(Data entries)
=== Begin Enclosure ===
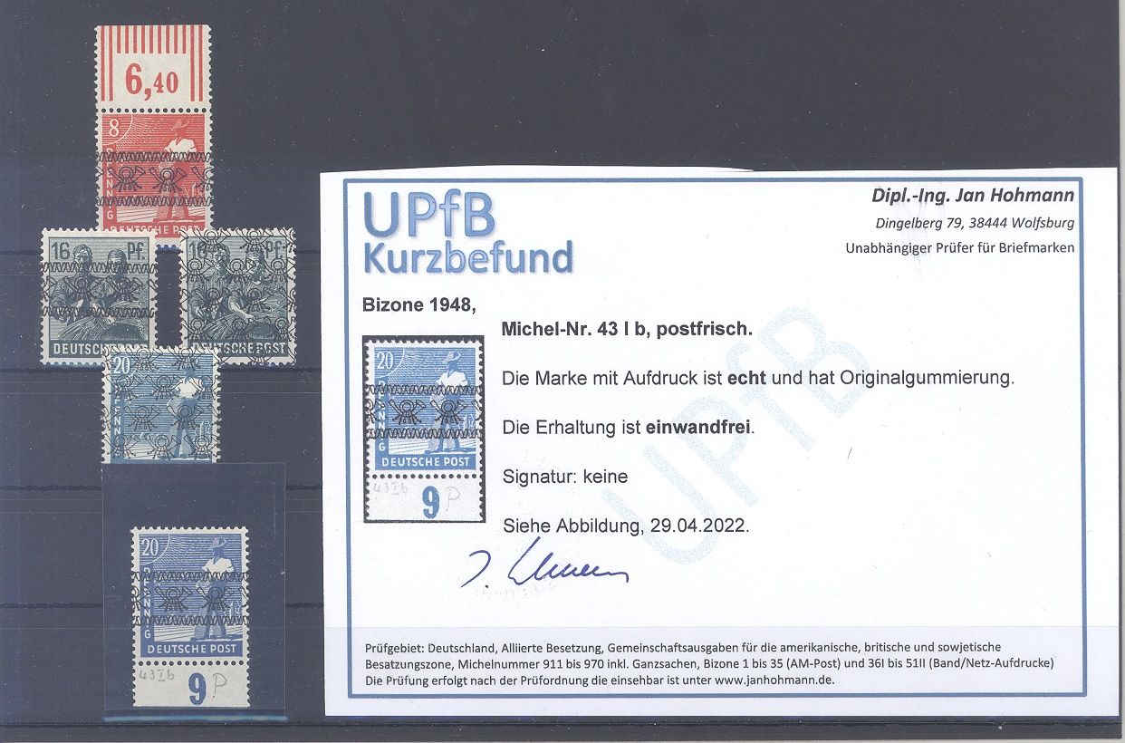 Bizone, ** Posten Farben aus Michel Nummer 36/51, Währungsreform 1948, ein Wert vom Oberrand. Jeder Wert ist signiert ArGe Hohmann und es liegt zudem auch ein Befund vor, ist mit eingescannt.
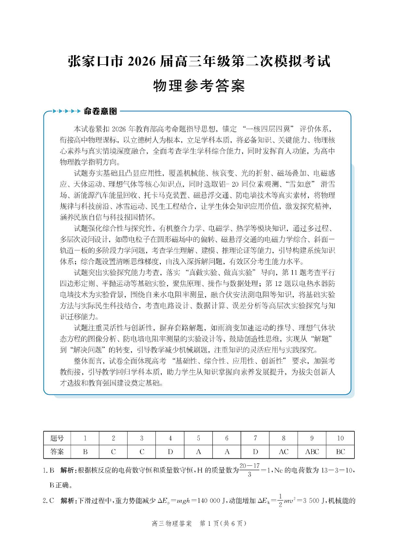 张家口市2026届高三第二次模拟考试 物理答案.pdf
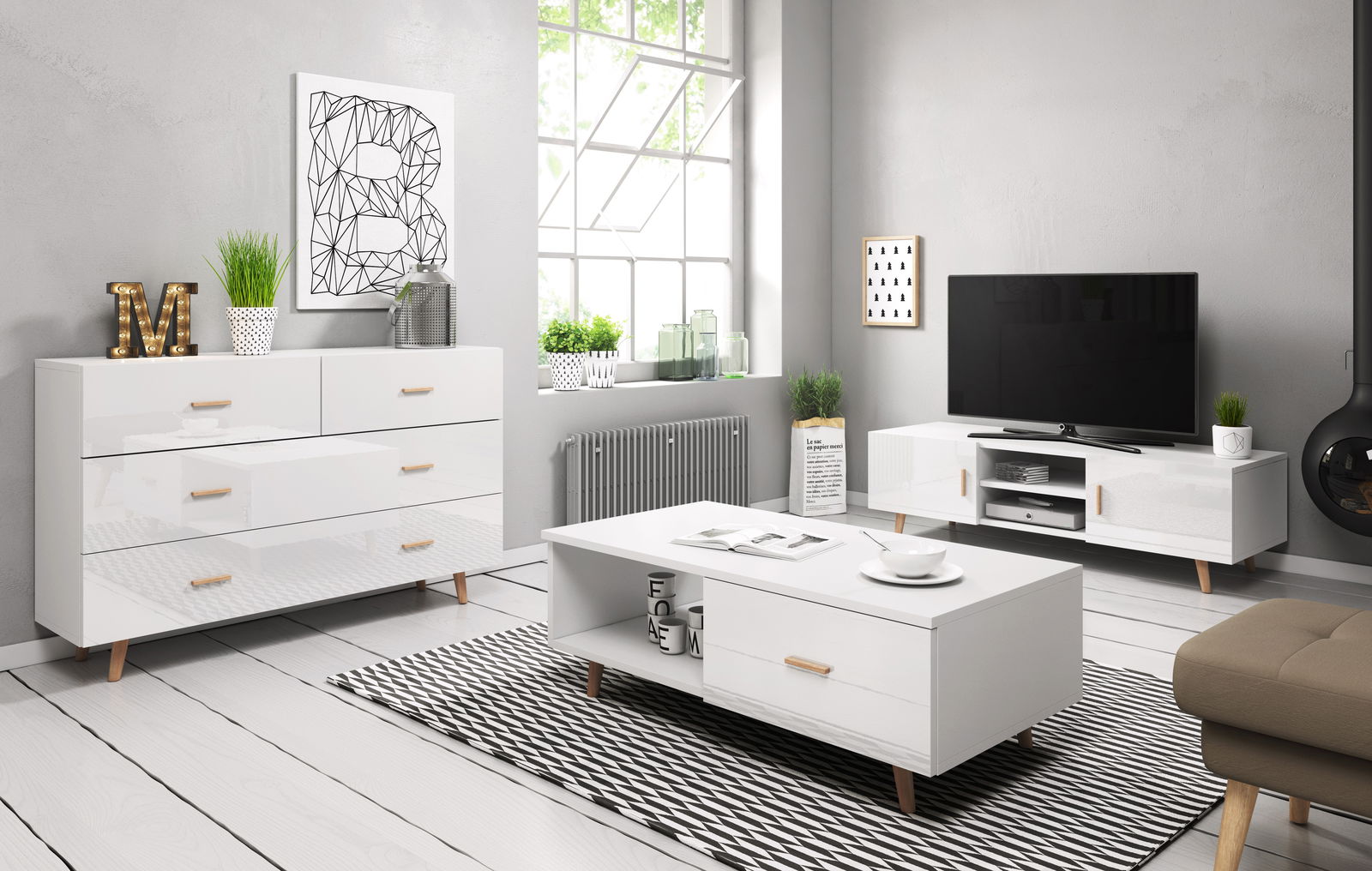 TV stolek/skříňka Santos 2 (bílý lesk + bílá matná)
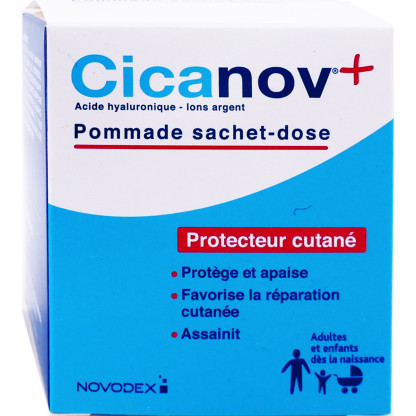 Pommade CICANOV+ discount de NOVODEX, un soin efficace sous forme de crème en sachets pratique pour protéger et régénérer les blessures superficielles, brûlure mineure zones irritées,…, dans votre parapharmacie en ligne à prix discount.
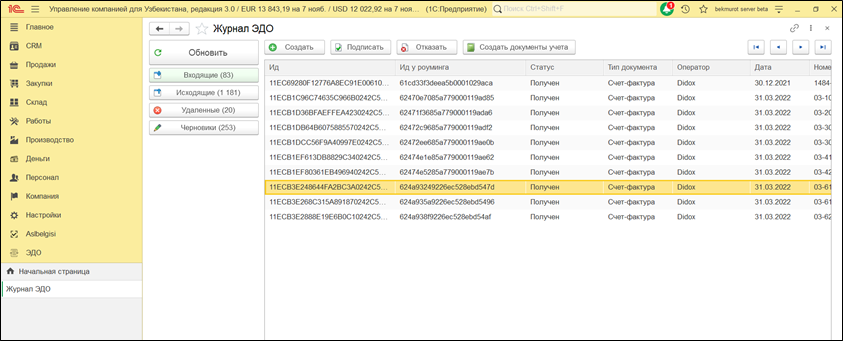 Журнал ЭДО;
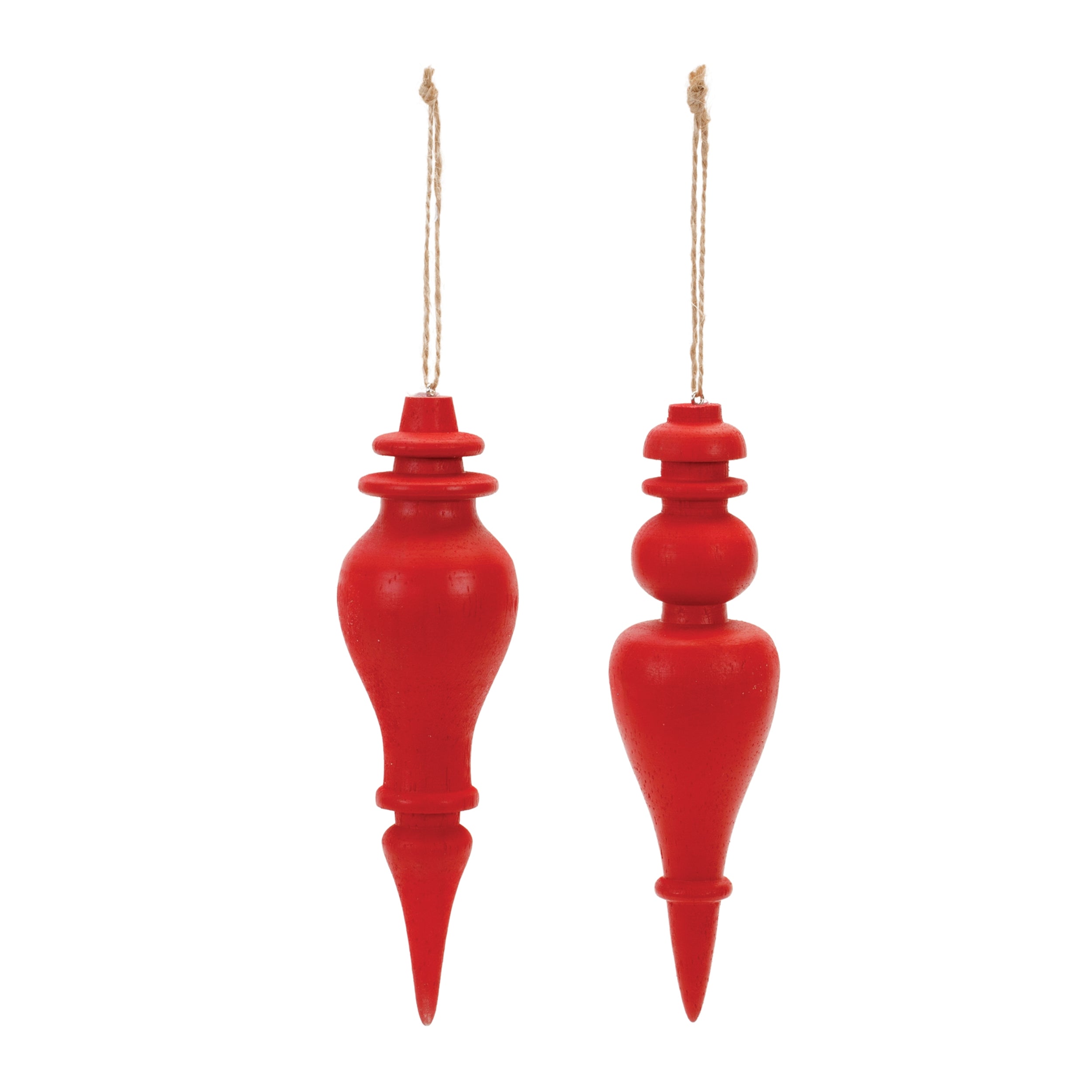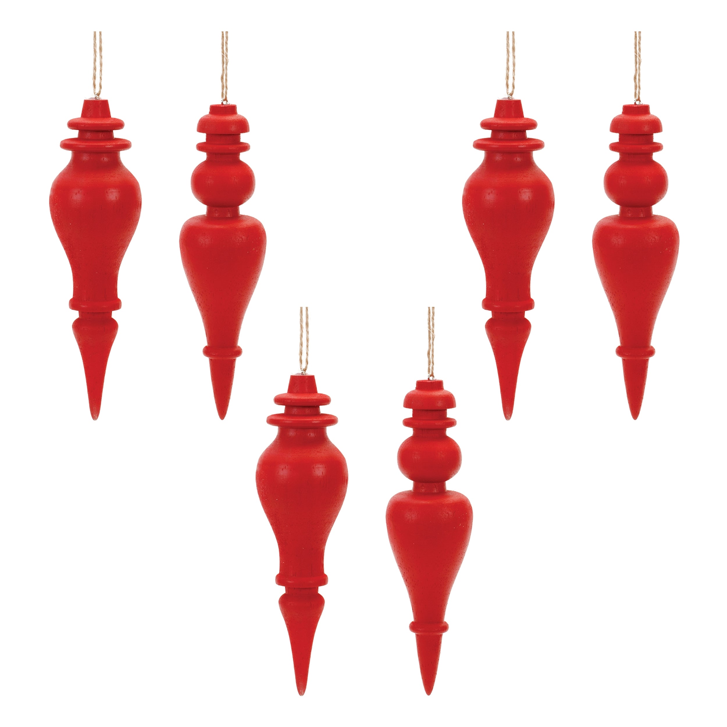 Red Wood Finial Christmas Tree Ornament Set of 6 6 Inch Oak Wood by Melrose
=== End Enclosure ===
TASK INSTRUCTIONS = The lines from the one holding "Pommade CICANOV+ discount" through the end of the entries are to be transcribed exactly, both ends included, with the pictures left out.

SOLUTION TO THE PROBLEM =
 Pommade CICANOV+ discount de NOVODEX, un soin efficace sous forme de crème en sachets pratique pour protéger et régénérer les blessures superficielles, brûlure mineure zones irritées,…, dans votre parapharmacie en ligne à prix discount.
 Журнал ЭДО;
 Red Wood Finial Christmas Tree Ornament Set of 6 6 Inch Oak Wood by Melrose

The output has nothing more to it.